At Beaulieu, Lord Montagu opened the National Motor Museum in 1952. At Woburn Abbey, the Duke of Bedford in 1955 opted to keep – and market to the public – the house and estate rather than making the by-then expected transfer to the National Trust as death duties struck. When he added a safari park in 1970, and other peers scoffed, he said that “it is better to be looked down on than overlooked”.

Other aristocrats bundled in, as guides, grocers, ringmasters, zookeepers and eager re-enactors of their own histories. Chatsworth, though, has come out ahead in this Darwinian struggle for survival. With Chatsworth Food from the home farm on sale in the shop (behind whose till the Duchess would serve) and Chatsworth Design in control of the intellectual property rights, the brand flourishes mightily. Look at the 2013 figures from the Association of Leading Visitor Attractions, and you see the benefits of Devonshire dynamism. With 644,817 punters, Chatsworth trounces every other private house – even Blenheim Palace lags behind on 610,794. Cliveden, the highest-ranked National Trust site, had 418,597 visitors. Do titled toffs in residence (or at least near at hand) still boost the numbers?
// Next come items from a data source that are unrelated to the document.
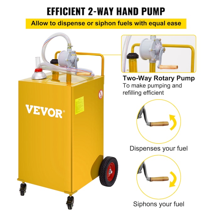 - Two Way Rotary Pump: Bi-directional hand rotary pump allows you to dispense or siphon fuels with ease, making pumping and refilling efficient by reversing the cranking direction; You can fill gas storage tanks faster without working up a sweat while safely transferring fuel
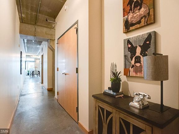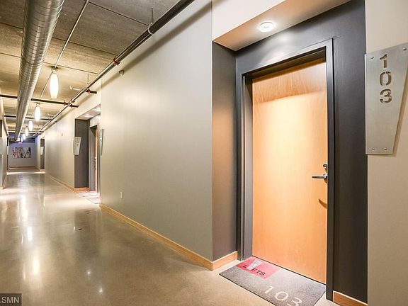 Walk to it all! Enjoy the high demand North Loop area convenient to Light rail station, Twins Stadium, Target Center, and Skyway Access. Plus, all the restaurants and entertaining options. This contemporary Loft style condo has beautiful maple cabinetry, polished concrete floors, concrete ceilings, and exposed duct work. Loads of storage with big closets throughout. Note wall of windows, glass door, and transom windows. Private laundry in unit, storage locker and one car heated parking space for owner. Walk up to spacious outdoor patio – room for lounging and grilling with gas line for homeowner’s grill. Pets allowed w/restrictions. SEE SUPPLEMENT
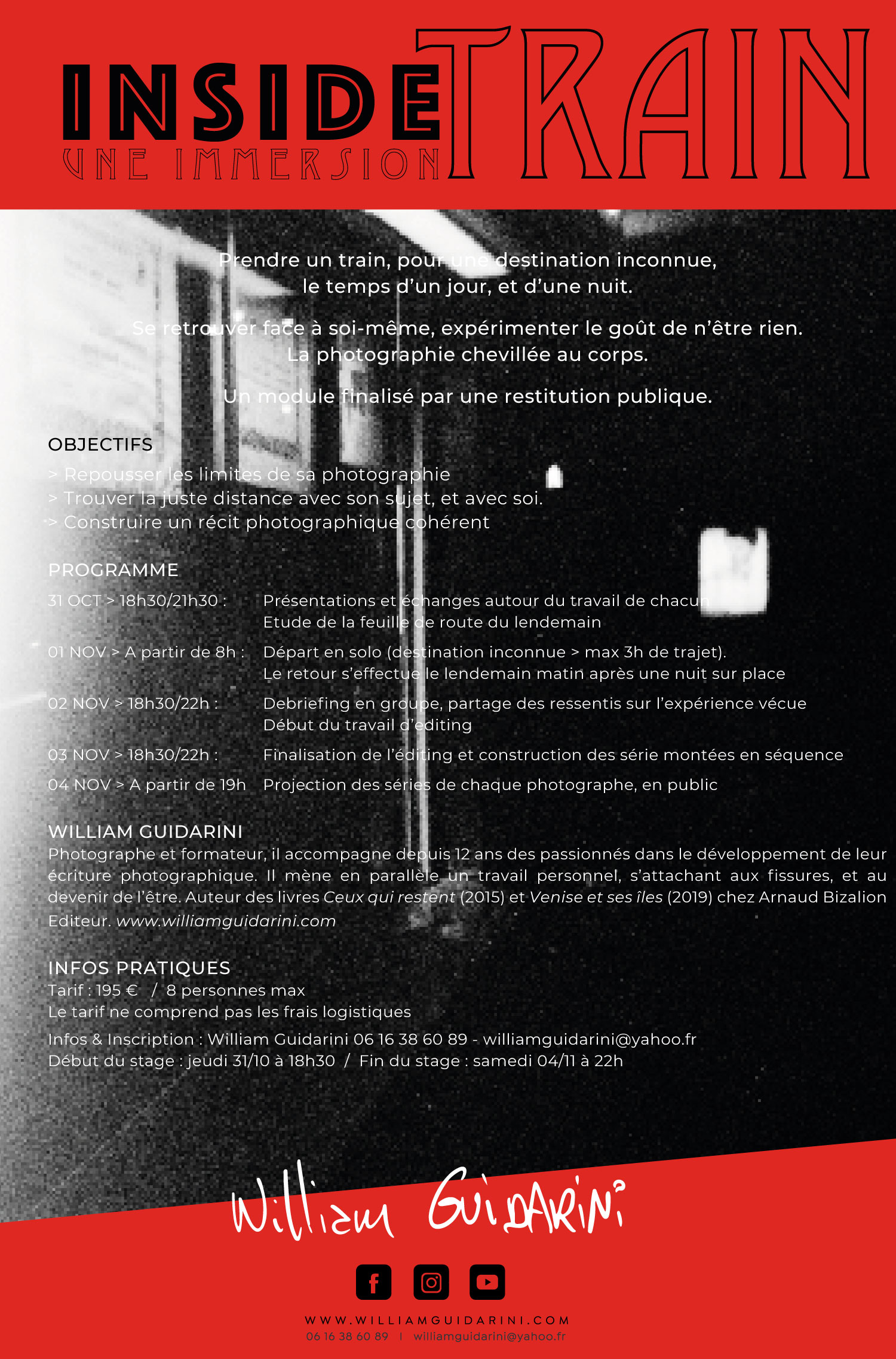 Ce module est destiné aux photographes éclairés, qui souhaitent développer un regard personnel. L’ouverture à l’autre, l’exigence et la persévérance seront les compagnons de ce voyage intérieur, pour vivre pleinement l’expérience.
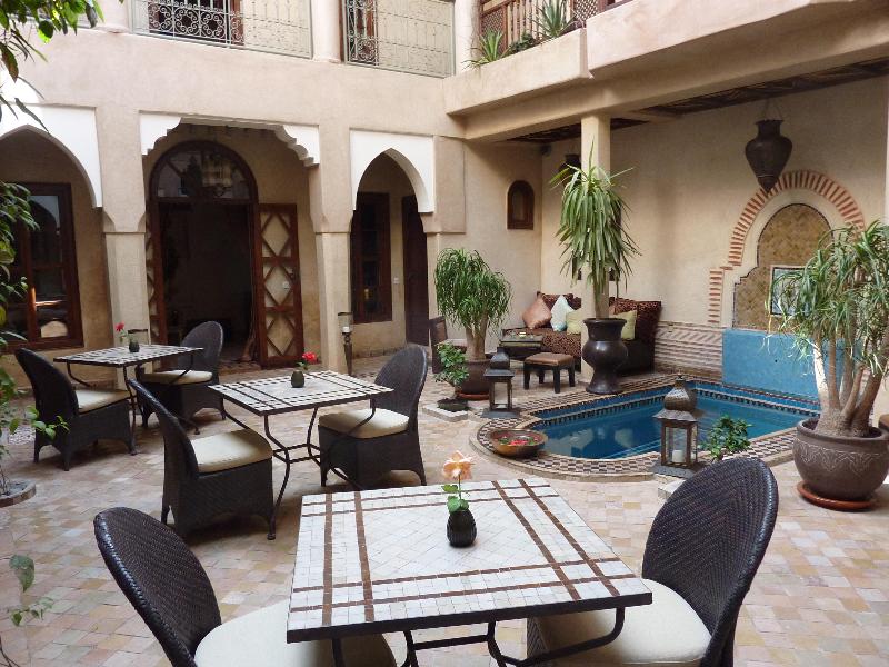 Este precioso hotel de Marrakech consta de 5 lujosas habitaciones y suites de decoración exquisita. Cuenta con una terraza en la azotea con zona para tomar el sol, salón y comedor, así como con un precioso patio con azulejos de zellij y un estanque y una fuente tradicionales. Es un emplazamiento ideal para una cena romántica a la luz de las velas mientras se disfruta de la deliciosa cocina marroquí. Otras instalaciones incluidas en este establecimiento climatizado son recepción 24 horas, comedor, conexión a Internet y aparcamiento. Se ofrece servicio de traslado al aeropuerto, previa reserva (de pago).
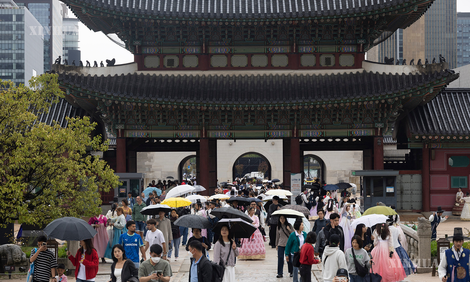 图说:10月5日,游客在韩国首尔的景福宫参观游览。新华社发(全休相摄)
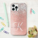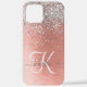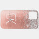 Personaliza fácilmente este diseño de estuche de teléfono de moda de moda con un purpurina brillante de bonito plateado sobre un fondo metálico rosa de color dorado.
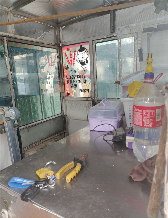 出售四轮电动车一辆,长3.2米,宽1.8米。三面都有门窗,窗户打开是30公分的台面。里面有1.85×0.55米,不锈钢工作台上下两层。两面开有门,三个外开窗,可以摆放东西。配上电池,可以开动。车带两个遮阳棚。安上电池可以行驶。可以做小吃车,可以做售卖车。
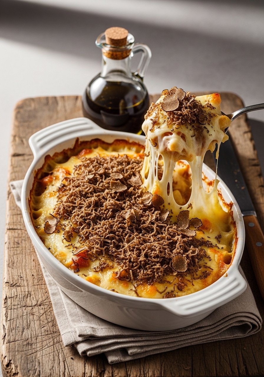 A grown-up twist that smells like celebration—earthy truffle, nutty Gruyère, and a silky béchamel. It’s rich but balanced and perfect for smaller gatherings or when you want to impress. Use a tiny drizzle of truffle oil at the end for aroma. I grate the cheese with a microplane zester for even melting.
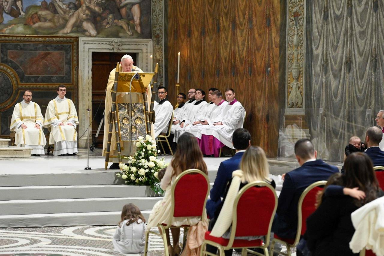 “Estos niños comienzan un camino, a vosotros os corresponde ayudarles a andar hacia adelante”, dijo Francisco en una breve homilía que pronunció de manera improvisada y en la que se dirigió especialmente a los padres y padrinos de los pequeños.
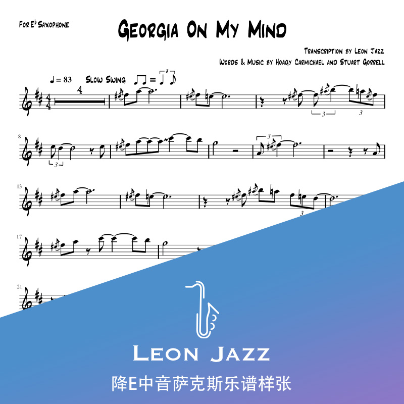 Georgia On My Mind saxophone score jazz standard score staff with accompaniment
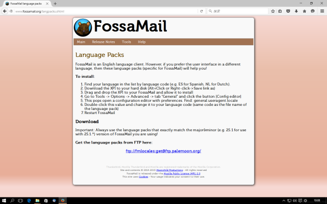 上部のメニュー,Tools にマウスオーバーすると出るプルダウンメニューから,FossaMail Language Packs のページに進みます。

Chatsworth, first built in the 1550s after the earth-shaking match of William Cavendish and the astonishing Bess of Hardwick, ranks as an engine room of English history. But so does the grandiose, show-off Tudor palace that the much-married Bess built for herself in the 1590s on the other side of Derbyshire: “Hardwick Hall, more window than wall”. Hardwick was a Devonshire property for centuries. Then, in 1950, the death of the 10th Duke landed the family with a liability of £2.5m. The gossipy diarist “Chips” Channon asked: “Is this the end for Chatsworth? And for Hardwick?” In both cases, the answer was no, even though it took 17 years to pay off the tax bill. Each house lived on in a different way. Hardwick went to the National Trust; Chatsworth remained in the family. Within the NT portfolio, the equally illustrious and spectacular Hardwick Hall last year welcomed 220,924 customers. At Chatsworth, personal brand management, Devonshire-style, has almost tripled the footfall.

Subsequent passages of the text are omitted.